In certain cases, your GP might refer you to a specialist gynaecologist, particularly if the cause of the pelvic pain is not immediately clear.

To help your GP come to an accurate diagnosis, it is a good idea to keep a record of where your pain occurs, how severe it is and what you were doing when it took place. You can also write down what helped relieve the pain, such as paracetamol or a hot compress. Creating pain diaries are particularly useful for those who experience chronic pelvic pain.

Investigation and clinical diagnosis

When seeking medical attention for pelvic pain, your GP will ask several questions, such as medical and family history, and you will also undergo a medical examination. Based on what is found, you may be treated, or you may have to undergo further tests or be referred to a specialist.

Because one of the most common causes of pelvic pain is a urinary infection, your GP will normally ask for a urine sample. You may also be screened for various common sexually transmitted infections, including Chlamydia and Gonorrhoea. Blood tests may also be necessary to diagnose certain causes.

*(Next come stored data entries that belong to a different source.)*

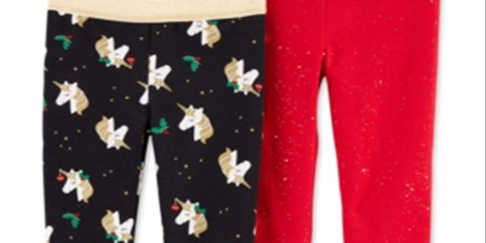 Carter's Toddler Girl's 2 Pk Unicorn Print & Glitter Leggings Red Size 4T
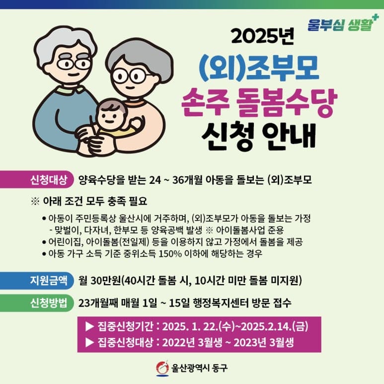 - 지급 방식: 수당은 조부모 계좌로 직접 입금되며, 조부모가 울산시민이 아닐 경우 부모 계좌로 지급
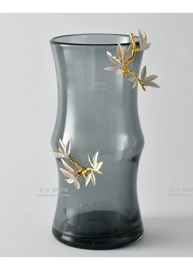 modern light luxury smoky gray glass flowerpot and flower vase living room dried flowers model sales office desktop soft decorative ornaments

Your doctor will probably want to undertake a pelvic examination too, which might include a cervical screening test, which allows them to check for possible abnormalities of the cervix, vagina, uterus and ovaries.

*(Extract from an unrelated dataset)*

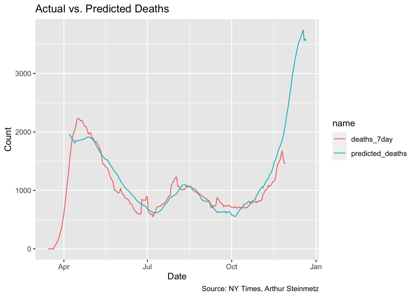 mutate(deaths_7day = (deaths_total - lag(deaths_total, 7)) / 7)

If there is a chance you might be pregnant, a pregnancy test might be undertaken. Where the patient is pregnant, an emergency ultrasound may be necessary to determine if a miscarriage or ectopic pregnancy is the cause of pelvic pain. In such cases, you will likely be referred to a local hospital which has such scanning devices. Routine ultrasound scans can also be used to help diagnose other common causes of pelvic pain, such as ovarian cysts.

In some cases, further investigations may be required and patients may be referred to specialist gynaecologists for a diagnostic laparoscopy (keyhole surgery). This is undertaken when pain is persistent, severe and an underlying cause cannot be found be normal medical investigative means.

A laparoscopy involves making small incisions in the abdomen and then passing through a small telescope to be able to see inside the body.